To date, production results for Wells A, B and C have exceeded pre-drill expectations. Well A is exceeding expectations by 9 percent and outperforming the next-best offset well in similar geologic properties and structure by a 1.7 multiple based on 180-day cumulative oil production per foot of lateral. Well B is exceeding expectations by 13 percent and outproducing the next-highest performing offset by a 2.5 multiple. Likewise, Well C is exceeding expectations by 14 percent and outproducing the next-highest performing offset by a 1.7 multiple.

These positive results are proof of a dramatic increase in the number of effective clusters by successfully applying an HDP strategy with XLE. The case study data demonstrate that XLE diversion consistently can increase the PCE of an HDP completion design by maximizing perforating friction.

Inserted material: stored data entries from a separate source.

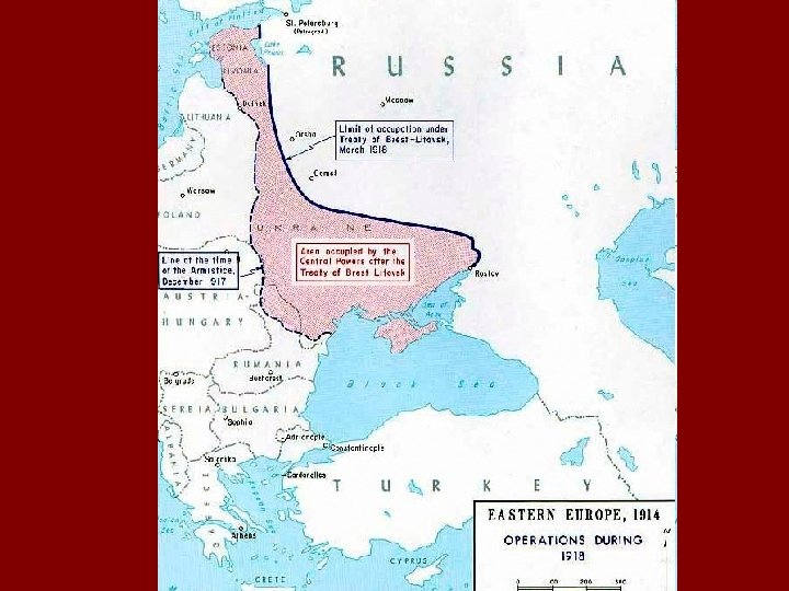 Treaty of Brest-Litovsk • Lenin had Russia sign a peace treaty with Germany, ending its involvement in WWI. Treaty of Brest-Litovsk, 1918
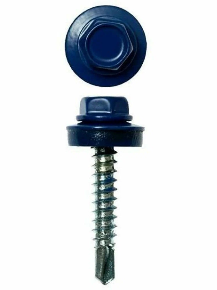 Идеальный выбор для быстрой, надежной фиксации кровельных материалов — прочные саморезы с шестигранной головкой и фланцем, окрашенные в ультрамарин позволяют не только обеспечить герметичность, но и подчеркнуть эстетику конструкции. Благодаря полимерному покрытию и оцинкованной стали крепеж устойчив к коррозии и ультрафиолету, что гарантирует долговечность соединений даже при интенсивной эксплуатации на открытом воздухе.
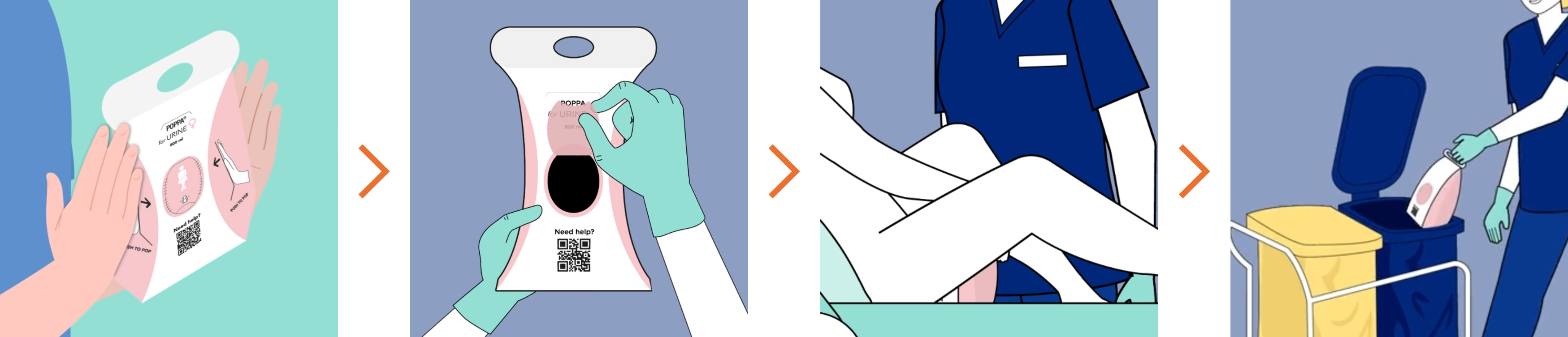 Until now, going through the process of assisting female patients to urinate in bed has been physically demanding and time-consuming. Poppa technology makes this easier, cleaner, faster and more dignified.

Wells A, B and C show a consistent increase in productivity, reserves and capital efficiency. Moreover, finding and development costs can be lowered through the combination of reduced completion costs and increased well productivity. The three case study wells have achieved a 15 percent average reduction in per barrel F&D costs while producing 170-250 percent more than their best offsets during the same number of producing days.

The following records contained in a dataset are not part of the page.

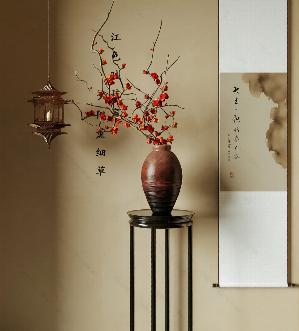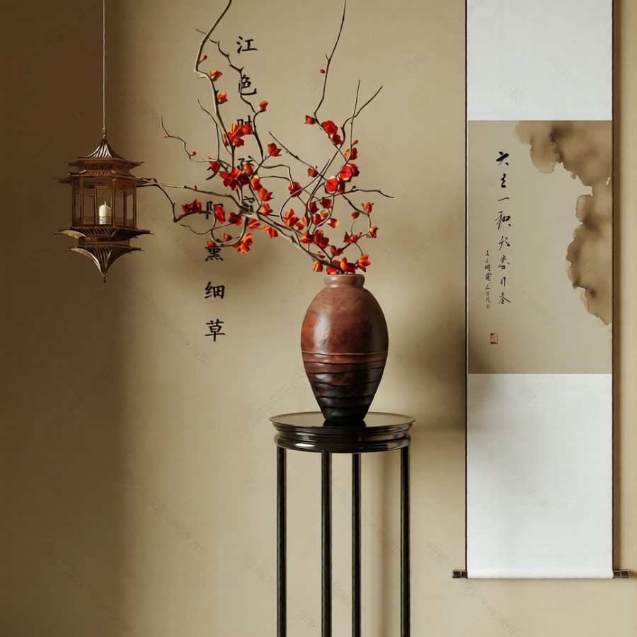 3D Model Asian Style Console Table Interior with Decorative Partition_107767822
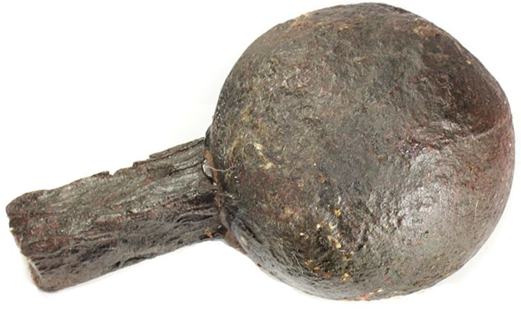 Half of a large iron barshot with one large ball and square-shank bar, probably 1700s. 15 lb, 5" x 8". Heavy and solid ball, with surface corrosion only (one big pit), dark with tinge of orange, with 1-1/4" bar protruding and ending cleanly, so possibly just made as a "half shot" and not broken from a two-ball barshot. Pedigreed to the Henk L. Visser collection (Bonhams Knightsbridge, November 28, 2007).
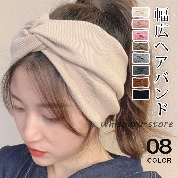 ヘアバンド リブ ターバン 幅広 ヘアターバン ヘアアクセサリー クロスヘア...
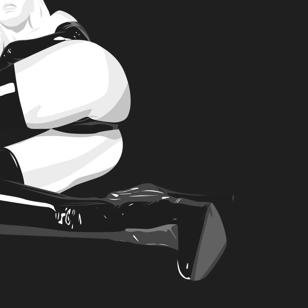 Cuir luisant, jambes fières
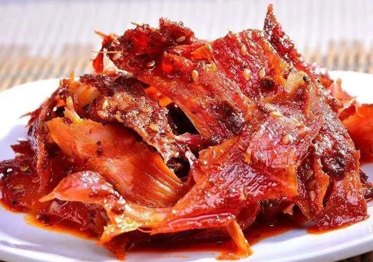 牛肉1000克,改成宽条,加入葱姜,黄酒腌制半小时,下入开水锅内煮至熟透捞出冲凉,下入油锅内炸制定型,另起锅加入辅料炒至出香味,加入牛肉翻匀即可。

Editor’s Note: The authors acknowledge Liberty Oilfield Services, PerfX Wireline, GEODynamics, Ziebel and ProTechnics for their roles in the ongoing field trials of the HDP/XLE completion design, as well as the early pioneering work in limited-entry perforating documented in SPE 184828 “Mining the Bakken: Driving Cluster Efficiency Higher using Particulate Diverters” and SPE 189880 “Mining the Bakken II: Pushing the Envelope with Extreme Limited Entry Perforating.” The papers were presented, respectively, at the 2017 and 2018 Society of Petroleum Engineers Hydraulic Fracturing Technology Conference.

Paul M. Weddle

PAUL M. WEDDLE is well completions manager for Liberty Resources II LLC, a Denver-based independent with operations in the Bakken Shale and Powder River Basin. He graduated in 2005 from the University of Texas at Austin with a B.S. in petroleum engineering, and began his career working for Shell as a completion engineer fracturing tight gas formations in Wyoming. Since then, Weddle has completed vertical and horizontal wells in unconventional oil and gas reservoirs in Utah, North Dakota, Texas and Oklahoma.

Larry Griffin

LARRY GRIFFIN is vice president of completion and production operations at Liberty Resources II LLC. With more than 35 years of experience, he began his career with ARCO in West Texas and Alaska. He joined Pinnacle Technologies in 1998 and was instrumental in developing and commercializing fracture and reservoir diagnostics technologies such as tiltmeter, fiber optics and microseismic. Griffin served as Newfield Exploration Co.’s completions manager for the Arkoma and Anadarko basins before joining Liberty Resources in 2011. He holds a B.S. in petroleum engineering from Texas Tech University.

C. Mark Pearson

C. MARK PEARSON is chief executive officer and president of Liberty Resources II LLC. He is a Society of Petroleum Engineers’ distinguished member with expertise in well completion and stimulation. Pearson is one of the pioneers of multistage hydraulic fracturing of horizontal wells, with more than 30 years of horizontal experience in West Texas, Alaska, the North Sea, the Mid-Continent, North Dakota and Wyoming. A former professor of petroleum engineering at the Colorado School of Mines, Pearson holds a B.S. and a Ph.D. from the Camborne School of Mines, and is a graduate of the Harvard Business School Advanced Management Program.